_Problem requirements_. This exercise calls for the whole listing to be given again exactly, without images.

*** Opening Collected data ***

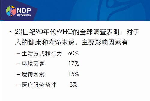 王陇德院士指出,根据20世纪90年代世界卫生组织(WHO)的全球调查表明,对于人的健康和寿命来讲,生活方式和行为的影响占到60%。而要改变生活方式和行为,首先要教给他正确的营养与疾病预防知识及技能,这是基础。
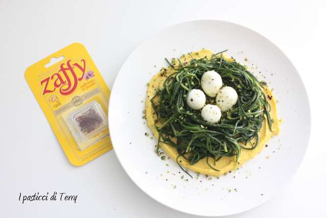 Agretti con salsa allo zafferano ovette di quaglia e pistacchi
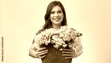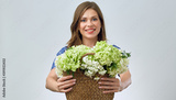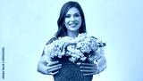 Smiling woman in blue casual dress with white green flowers.

*** Closing Collected data ***

_Solution to the exercise_.
 王陇德院士指出,根据20世纪90年代世界卫生组织(WHO)的全球调查表明,对于人的健康和寿命来讲,生活方式和行为的影响占到60%。而要改变生活方式和行为,首先要教给他正确的营养与疾病预防知识及技能,这是基础。
 Agretti con salsa allo zafferano ovette di quaglia e pistacchi
 Smiling woman in blue casual dress with white green flowers.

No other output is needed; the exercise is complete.